淡く金の陽光が差し込み、風が焦げ跡の上を優しくなでていく。
黒髪の少女は、まだ眠っていた。
そのそばで、ルシエルは静かに見守っている。
彼の表情には、安堵と同時に、言葉にならぬ覚悟が宿っていた。
だが、その穏やかさと決意の裏で――すでに、別の者たちが“その光”の発現を感じ取っていた。
【王都の影――《灰色の裏契約者》】
王都・高塔の最上部。
夜の名残が薄く漂う空を、冷たい風が裂くように流れる。
その風の中――濃い灰色のチェスターコートをまとった男が、欄干に立っていた。
月を背にしたその姿は、まるで世界の輪郭から切り離された影そのもの。
灰色の髪、灰色の瞳。
その双眸には生気が薄く、ただ“測定”だけが宿っている。
まるで世界のあらゆる存在を、価値と意味に分解しようとするような、静謐で冷たい光。
――カディス・ヴェルド。
聖王国に仕える“賢者”。
だがそれは表向きの顔であり、本質はもっと異質だ。
かつて帝国魔導院。師と兄弟子とともに世界法則の頂を競い、言語化すら困難な“理の書”を追った。
だが彼と兄弟子は境界を越えた。
世界の理を“再定義”する禁呪。
《法典詠唱〈コーデクス・アーキタイプ〉》
存在の根幹を書き換える理論型禁呪に踏み込み、神域への冒涜とされ激昂した師により破門。

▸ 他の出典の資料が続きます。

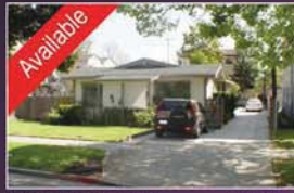
Available 3 Units in Glendale x.5425 $3,320 monthly rental income

兄弟子は更なる魔導の真髄を求め帝国の辺境へ冒険者となって旅立ち、彼は敵国であった聖王国へ――ただ“理”を追うためだけに訪れる。
「……皮肉だな。かつて帝国によって滅ぶべきと学んだ国で、今は研究が最も捗るとは」
呟きは淡々としているが、声の底でわずかに揺れたものがある。
喜びでも憤りでもない。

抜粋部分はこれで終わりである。